Supplied material Block Start
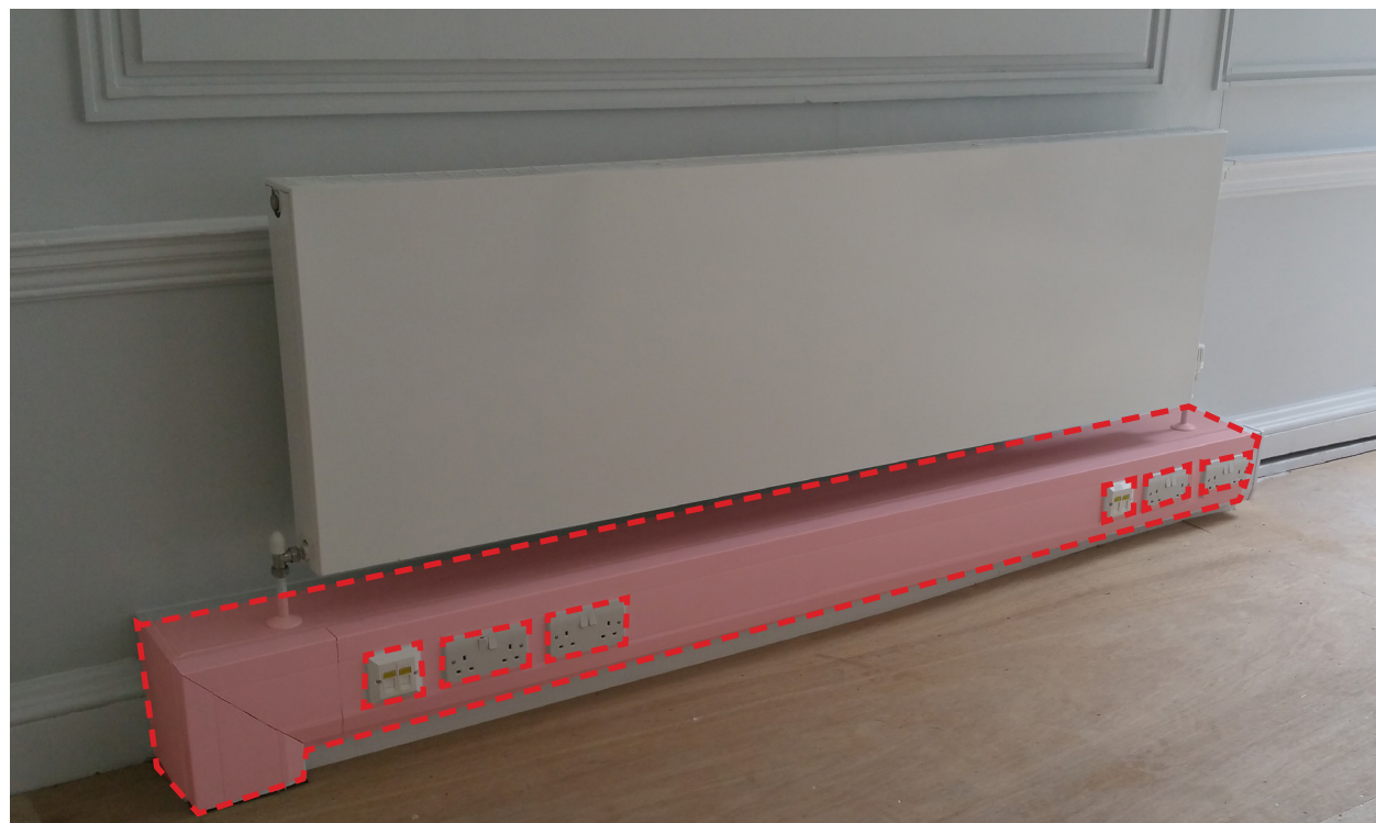
South Elevation - Type C
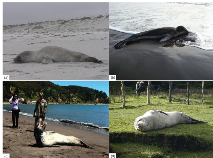
Figure 3. Solitary leopard seals seen at Punta Choros (a), Santo Domingo beach (b), Lengua inlet (c) and Corral Bay (d).

The records of leopard seals in the Central-Northern zone were distributed from 29°13'S (Punta Choros) to 39°55'S (San Juan river), with at least 25 sightings of solitary individuals (Figures 2 and 3). Two of these records correspond to the same individual (sightings N° 19 and 20, Table 1) that was tagged with Rototag numbers 3011 and 3021 in Punta Topocalma (34°10'S) and re-sighted two days later at Algarrobo beach (33°21'S). Only 11 individuals were sexed in this zone, involving six females and five males. Most of the records (52%) occurred between 33-34°S, and 19.2% occurred between 36-37°S. All individuals were juveniles, except for one adult male observed at "Quisco" beach (33°25'S). Sightings were more frequent during winter and spring seasons (n = 23 sightings), particularly in July and August (n = 12 sightings). Regarding body condition, at least five leopard seals were reported to be in poor condition and/or with multiple injuries, and two animals died later (sightings N°14 and 50). One individual (sighting N°11) was found dead on the beach with multiple injuries to the skull. Another two injured individuals (sightings N°12 and 49) were positively treated by the Wildlife Rescue and Rehabilitation Centre of MUCINASA and then released on the beach; one of them remained around the release location for about one month.
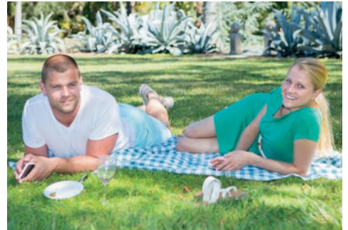
LotusFest! affords visitors a rare opportunity to enjoy a very casual and leisurely afternoon on the great lawn.
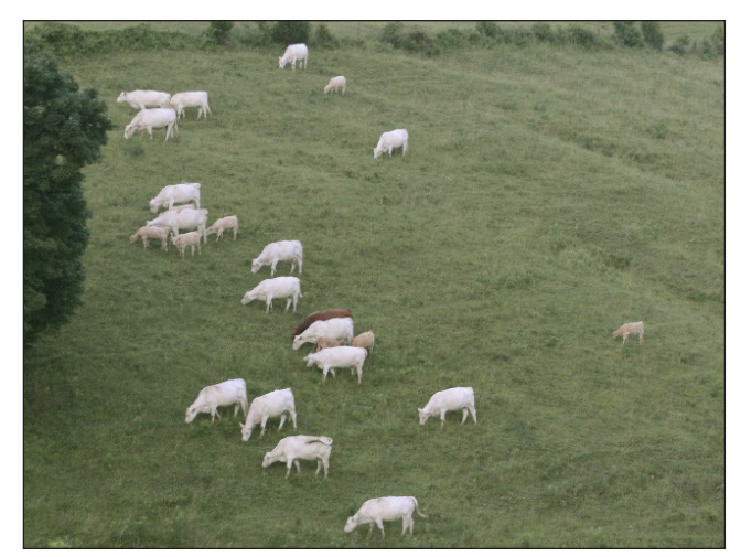
Figure 1. One animal typically occupies a grazing trail. These trails allow the animals to graze the upper slope and provide grazing and energy efficiency.

An actual tire cylinder may be approximately 40 inches in diameter, but the removal of the tire sidewall will enable the tire cylinder to fit within a 36-inch-wide trench. Nonwoven geotextile fabric should be placed in the bottom of the trench (Figure 4). This material is needed to provide the drainage, reinforcement, friction, and separation necessary for structural integrity. The tread cylinders are then placed end to end, on top of the geotextile fabric (Figure 4). A suitable rock material, such as dense-grade aggregate (DGA), is then placed inside and around the tire voids (Figure 5). The top edge of the tire cylinder should be at grade level or a little higher (Figure 6).
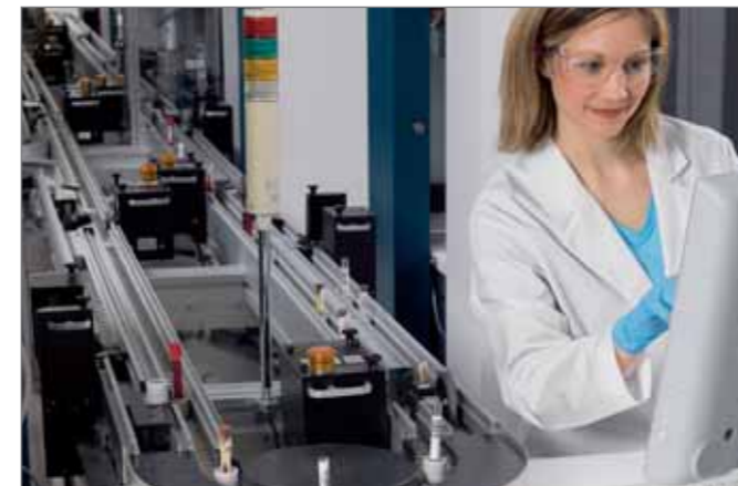
Siemens automation ensures you meet the constant demands of your clinician customers.

“ADVIA CentraLink allows you to have your skilled operators looking at the things they need to see, without wasting their time looking at dozens of things that they don’t.”
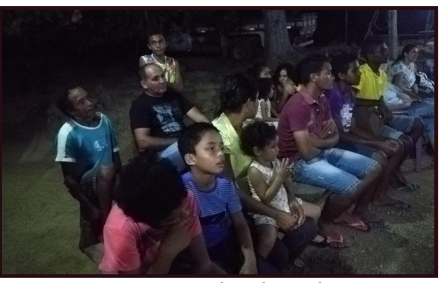
Listening intently to the Word

It is exciting to see this vision bear fruit. Together ourselves and the church are visiting and sharing the love of God with three different locations in the interior. Several from the church sacrifice their time and resources by riding out to these locations in their own vehicles to join in these gatherings where we share about God. There on the porch of someone's house or under a tree we share about the God we love and what he has done for us. It is simple. It is natural. The relationships are real and are trusted because we live life with them during these visits. Through these times together, we are seeing some hard hearts open to the possibility that Jesus is relevant and longing for a relationship. We know these hearts are opening because we see them invite others to these gatherings as well. Our relationship with Christ is not meant to be held and guarded for ourselves alone, but shared so that others may know and that requires stepping out and possibly even being a little uncomfortable.
Supplied material Block End
Prompt:
Reproduce exactly the entries from their first line through the line containing "Figure 3. Solitary", including both, and omit any pictures.

Exercise solution:
South Elevation - Type C
Figure 3. Solitary leopard seals seen at Punta Choros (a), Santo Domingo beach (b), Lengua inlet (c) and Corral Bay (d).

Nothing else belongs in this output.